Furthermore, looking up a single, complete word in a printed (paper) concordance can be as fast as looking it up in an interactive concordance on a computer. However, there are several serious disadvantages to printed static concordances.

First of all, static concordances always limit the user's choices in ways that interactive concordances do not. If a concordance is in alphabetical order, the user can find all words beginning with b grouped together, but not all words containing or, for example. Static concordances also allow only one way to access each citation: you can find all of the citations containing et and all of the citations containing on, but not the citations which contain both.

The second problem stems partly from the first. Concordances are very long, and become even longer when one tries to provide more options for the user. Even a simple, alphabetical concordance can be considerably longer than the original text. For example, if you are concording a 200-page text where the average citation is 40 words long, the concordance will be over 8,000 pages long in the same type size. If you add another type of listing, such as reverse spelling, the concordance will be over 16,000 pages long, and so on. Electronic interactive concordances can generate this information as required -- the average user will never need most of it -- but a static concordance must contain it all explicitly.

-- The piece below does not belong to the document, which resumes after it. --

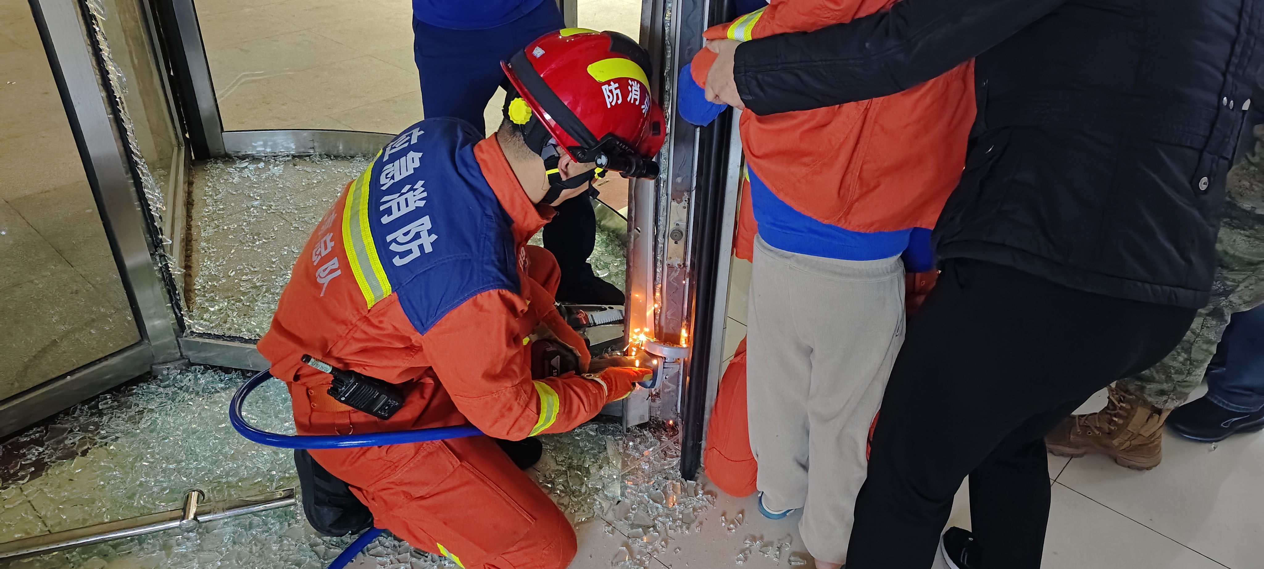 男童手卡在旋转门内,北京石景山消防紧急救援

It will usually not be possible to publish an 8,000- or 16,000-page concordance printed on paper. The best alternative is microfiche, as the Dictionary of Old English project has done with its concordance. However, now the users are tied to a microfiche reader, and have already lost one of the greatest advantages of the printed static concordance -- its portability and freedom from technological constraints -- without gaining any of the advantages of interactive concordances. The only remaining advantage is that microfiche readers are more commonly available in libraries than computers. The rest of this paper will explore the options which we have considered at the Dictionarius Le Ver project to generate concise, useful static concordances for publication.

Usually, concordances show keywords in context, either with a fixed number of words on either side or within an entire quotation. The simplest way to generate a smaller concordance is to omit the context altogether. Here is a sample French concordance of an early draft of the Dictionarius Le Ver M section without context:

punir:

1 multo

punis:

1 multo (multatus)

punition:

1 multo (multatio)

pur:

1 merum (merum)

puree:

1 merula (merula)

purement:

1 merax (meraciter)
2 merosus (merose)
3 merus (mere)

purgier:

1 mucus (muco)

purgiés:

1 mucus (mucatus)

purifiés:

1 merax

purs:

1 merax
2 merosus (merosus)
3 merus

putain:

1 manzer
2 multicuba

puterie:

1 meretrix (meretricatio)

A lexicon like the Dictionarius Le Ver is ideal for this sort of concordance. A non-contextual concordance of a novel, for example, would have to list only page numbers, and would be difficult to use because a page contains so many different words. The Dictionarius Le Ver is organised hierarchically by headword and sub-headword, and each sub-headword passage contains only a small amount of French. Furthermore, unlike such references as "page 38" or "Act 3, scene 5", the headword and sub-headword still give a fair bit of useful information about a word's context. Still, in this concordance, we are considering including the surrounding French for more context. In the case of putain, for example, the entries would look like this:

putain:

1 manzer bastard fil de putain publique de bordel
2 multicuba putain qui couche aveuc chescun ribaude

Since our first concordance is considerably smaller than the original text, we are able to list other types of information. For example, Le Ver often includes etymologies in his entries, usually Latin or Greek. Since these are all unambiguously marked in the text, we can concord them separately, and study the use of etymology throughout the lexicon. Here is an extract from the concordance of etymons from the same M section:

cedo:

1 matricida
2 morticinus
3 morticinus (morticína)
4 muricida

centaurus:

1 monocentaurus

ceros:

1 monoceros

colera:

1 melan (melancolia)

In this case, the headword and sub-headword alone will often be all the context required, as with colera, in the melancolia sub-entry under the headword MELAN. The etymon concordance is very short, but it still presents a single type of information well.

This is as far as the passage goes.